# Associator

In abstract algebra, the term associator is used in different ways as a measure of the nonassociativity of an algebraic structure.

## Ring theory

For a nonassociative ring or algebra $R$, the associator is the multilinear map $[\cdot,\cdot,\cdot] : R \times R \times R \to R$ given by

$[x,y,z] = (xy)z - x(yz).\,$

Just as the commutator measures the degree of noncommutativity, the associator measures the degree of nonassociativity of $R$. It is identically zero for an associative ring or algebra.

The associator in any ring obeys the identity

$w[x,y,z] + [w,x,y]z = [wx,y,z] - [w,xy,z] + [w,x,yz].\,$

The associator is alternating precisely when $R$ is an alternative ring.

The associator is symmetric in its two rightmost arguments when $R$ is a pre-Lie algebra.

The nucleus is the set of elements that associate with all others: that is, the n in R such that

$[n,R,R] = [R,n,R] = [R,R,n] = \{0\} \ .$

It turns out that any two of $([n,R,R],[R,n,R] , [R,R,n])$ being $\{0\}$ implies that the third is also the zero set.

## Quasigroup theory

A quasigroup Q is a set with a binary operation $\cdot : Q\times Q\to Q$ such that for each a,b in Q, the equations $a\cdot x = b$ and $y\cdot a = b$ have unique solutions x,y in Q. In a quasigroup Q, the associator is the map $(\cdot,\cdot,\cdot) : Q\times Q\times Q\to Q$ defined by the equation

$(a\cdot b)\cdot c=(a\cdot (b\cdot c))\cdot (a,b,c)$

for all a,b,c in Q. As with its ring theory analog, the quasigroup associator is a measure of nonassociativity of Q.

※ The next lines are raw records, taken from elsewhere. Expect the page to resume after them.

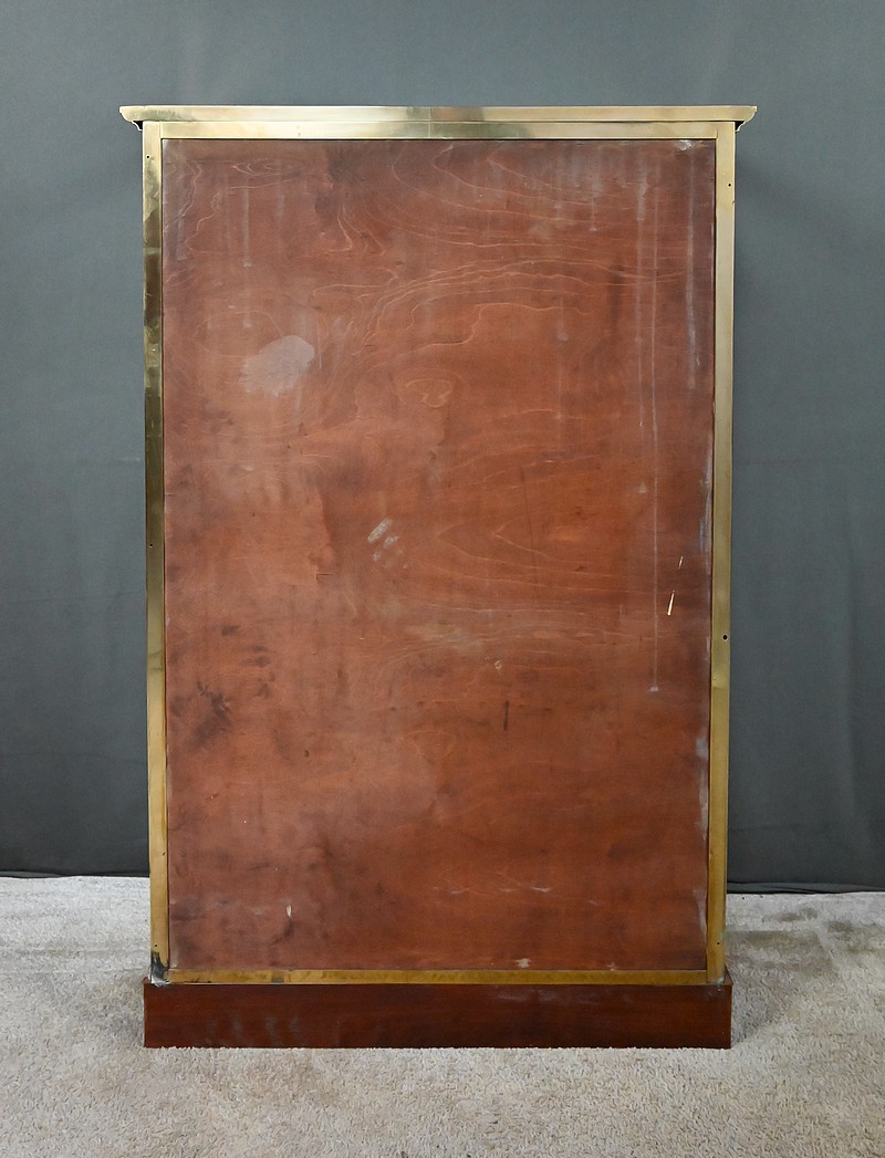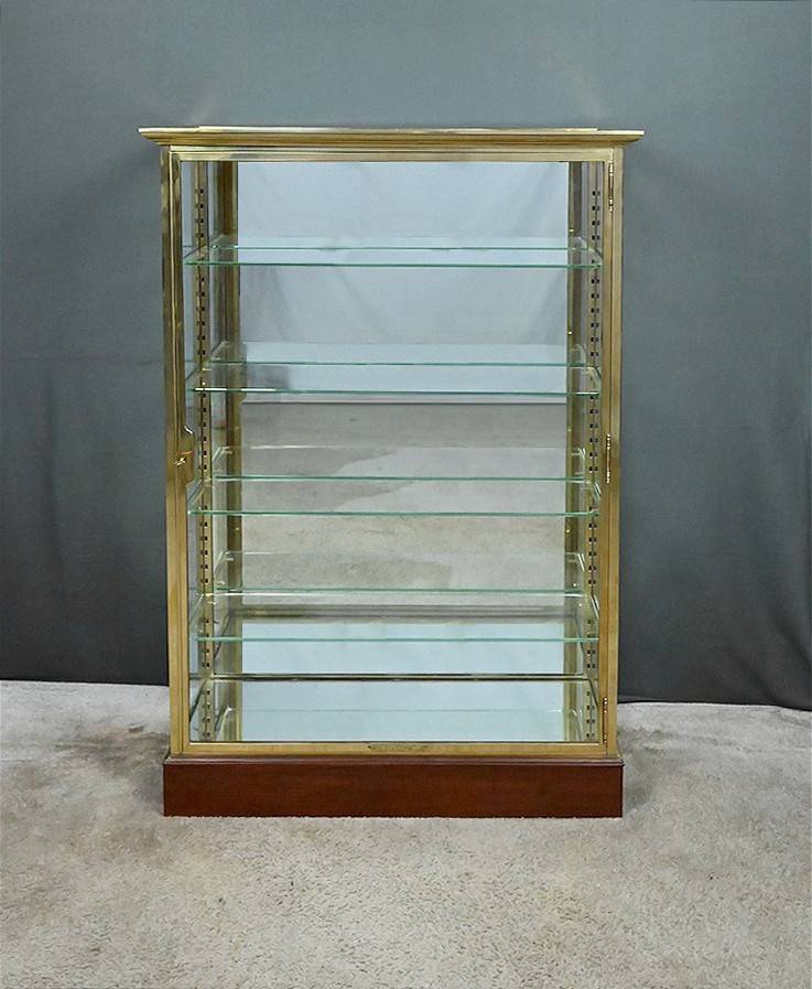 Sublime vitrine en laiton ouvrant par une porte vitrée montée sur gonds, équipée de sa serrure d’origine parfaitement fonctionnelle et accompagnée de sa clé. La finition de ce mobilier témoigne du soin apporté à sa fabrication et il est important de souligner la qualité de son état de conservation.
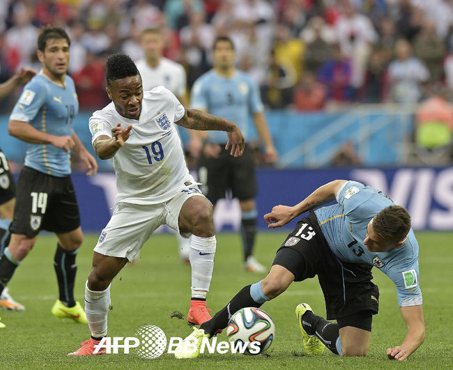 잉글랜드 라힘 스털링이 우루과이 호세 마리아 기메네즈의 수비를 피해 드리블하고 있다. / photo@osen.co.kr < 사진 > ⓒAFPBBNews = News1
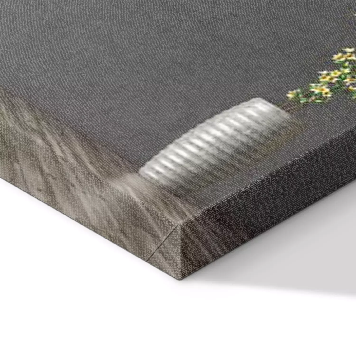 De print wordt aangebracht op hoogwaardig canvas dat op een schildersweefgetouw (spieraam) wordt gespannen. Omdat de print de zijranden bedekt, hoeft het ontwerp niet met een extra kader te worden omlijst. Wij raden ook composities aan die uit meerdere foto's bestaan en zo een coherente compositie vormen.
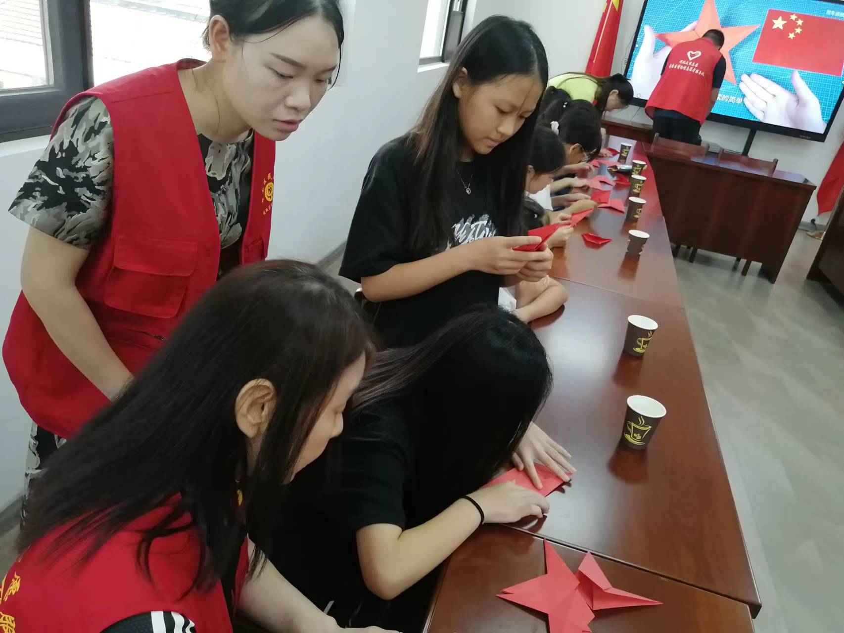 活动的最后,在志愿者们的指导下,大家一起动手进行手工折纸,一颗颗红色的五角星在大家的努力下顺利完成,同学们争相展示着自己制作的“红星”,满满的自豪感油然而生。
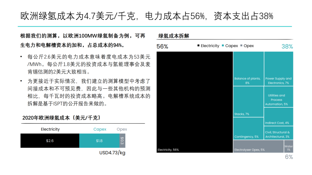 5. 2020年生产绿氢的电力成本平均为44美元/兆瓦时,占到总成本的56%,平准化度电成本在近几年将大幅下降,之后趋于平稳。2050年电力成本预计为17美元/兆瓦时,占到生产绿氢总成本的70%,因此电力成本差异将直接导致绿氢成本存在地区性差异。

## Higher-dimensional algebra

In higher-dimensional algebra, where there may be non-identity morphisms between algebraic expressions, an associator is an isomorphism

$a_{x,y,z} : (xy)z \mapsto x(yz).$

## Category theory

In category theory, the associator expresses the associative properties of the internal product functor in monoidal categories.